There was also a beautiful, beautiful garden, that seemed to stretch on forever. There was a forest and an actual lake. I very much felt like I was in one of those period pieces, running around the gardens and down marble staircases, with not a worry in the world but court gossip and my possible marriage to a foreign head of state.

I’m definitely keeping an eye out for cheap flights and bus tickets so I can do some traveling on my own as well, but it’s nice that we got to do a little tourism around here too–we took the RER to Versailles, which was quick and easy with our metro cards.

In other news: I’ve been here for a little over a month and still keep committing the most annoying faux pas. For example, there is math involved in what greeting one should use when running into someone you know, or when walking into a store–if it’s earlier than 5 PM, you should probably use bonjour, but after 6 or 7 PM, bonsoir is recommended…except that’s not always the case. Sometimes you just say bonjour all the time…except when it’s already dark outside. Anyway. It might seem like a silly worry, but that’s only if you have not been severely judged by an elderly french lady for accidentally saying bonsoir madame at the wrong time.

So yeah, you can find me digging a hole by the closed-off playground in the Luxembourg gardens, where I will be burying myself and never coming out until the sun dies and it’s dark all the time and I can just use bonsoir no matter what times it is.

-Alina

First Month!

Alright, so.

I’ve been in France for a whole month now, and I can confidently say that I have never, in my entire life, eaten this many baguettes. They’re everywhere. My friends have started sending me tips on how to adequately adapt to this new baguette onslaught, including a Baguette Pack™–a bread-shaped backpack to fulfill all my bread-erly needs. Thanks guys.

Things have been interesting so far! The whole you-must-speak-french-at-all-times-or-you-will-die thing can be a little overwhelming at times, but I’ve already reached a point where I can hold entire conversations in French without wanting to crawl into a deep dark hole afterwards–which, by the way, is a vast improvement from the first week of orientation in Biarritz. The memory of the first dinner with my Biarritz host family, and it’s long stretches of absolute silence, will probably haunt me for some time.

I’m now living with my host family in Paris, and I’m really enjoying it so far. My living situation is a little different than most students in the Hamilton in France program: instead of living in the apartment with the host family, I live in a separate room six floors above them! It’s tiny, but I have my own shower and a baby kitchen. Another student in the program lives in the actual apartment with them, and I go down in the evenings to eat dinner with them. My neighbors seem to be mostly students, and the walls are very thin, so there are times that I feel like I’m right back in a Hamilton dorm room. Except it’s all in french.

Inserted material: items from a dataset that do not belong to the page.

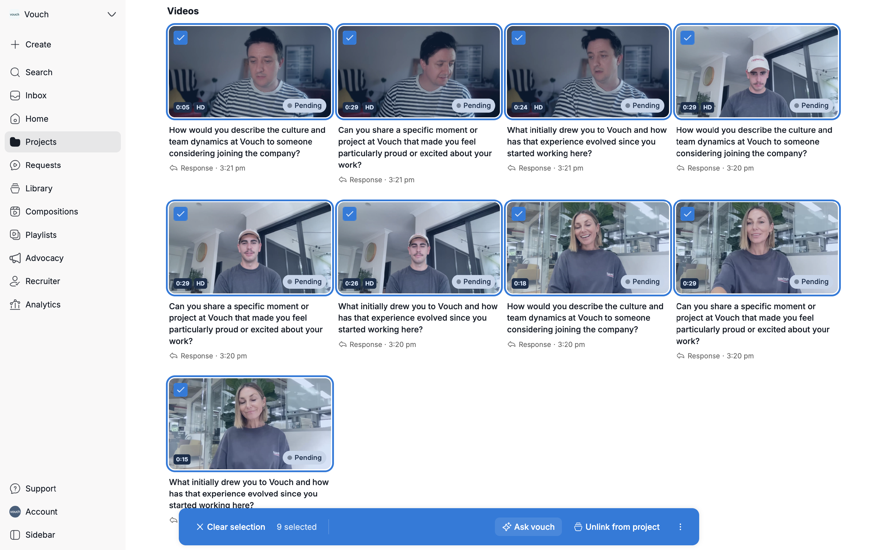 Alternatively, you can run Ask Vouch across your relevant videos to automatically identify highlights and create a composition from those key moments.
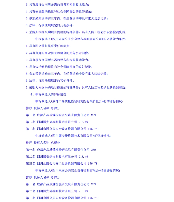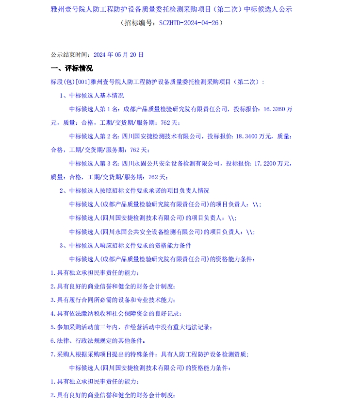 雅州壹號院人防工程防護(hù)設(shè)備質(zhì)量委托檢測采購項目(第二次)中標(biāo)候選人公示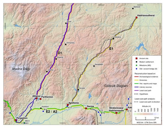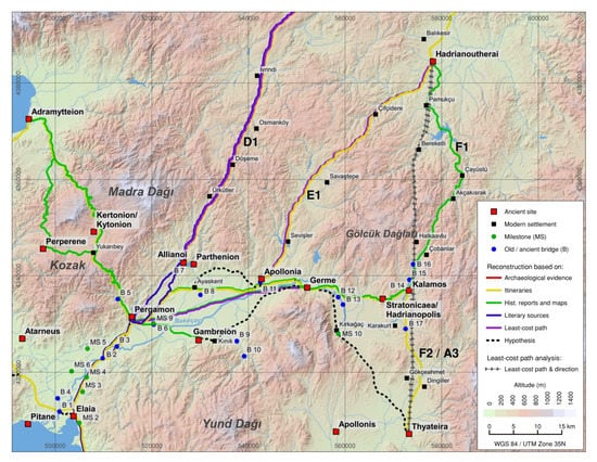 - Külzer, A. Von Assos nach Pergamon und Ephesos: Betrachtungen zu den Straßen Westkleinasiens in römischer und byzantinischer Zeit. In Assos: Neue Forschungsergebnisse zur Baugeschichte und Archäologie der südlichen Troas; Arslan, N., Mohr, E.-M., Rheidt, K., Eds.; Dr. Rudolf Habelt GmbH: Bonn, Germany, 2016; pp. 185–204. ISBN 9783774939516. [Google Scholar]

The apartment is also very conveniently located in the seventh/fifteenth arrondissement division– I’m a ten minute walk from the Eiffel Tower, Montparnasse and Les Invalides. Sometimes I’ll be heading to the grocery store and I’ll casually glance over my shoulder only to see the Eiffel Tower, and I have to pinch myself. There’s also a nice park area in front of the apartment, and there are always people there–runners, children, yoga people, dogs, couples, some more dogs. At night, it gets pitch dark, but towards the end of the week teenagers like hanging out there (it’s actually a little funny that they don’t even use their phone flashlights).I’ve also kinda fallen in love with the metro. I know that sounds a bit weird, especially since it smells like pee a lot of the time and it’s always a little sweaty, but it keeps me from having to walk an hour to class, gives me nearly unlimited access to all of Paris, and gives me free time to read. I take the 6th a lot and I love it–it’s rickety on the outside, but it goes above ground and I get to see Paris on the way to class. I also end up seeing a lot of interesting people! For example, this girl that was full of coincidences:

I’m still adapting to classes and the mammoth that is the french education system, but that’s a whole other post.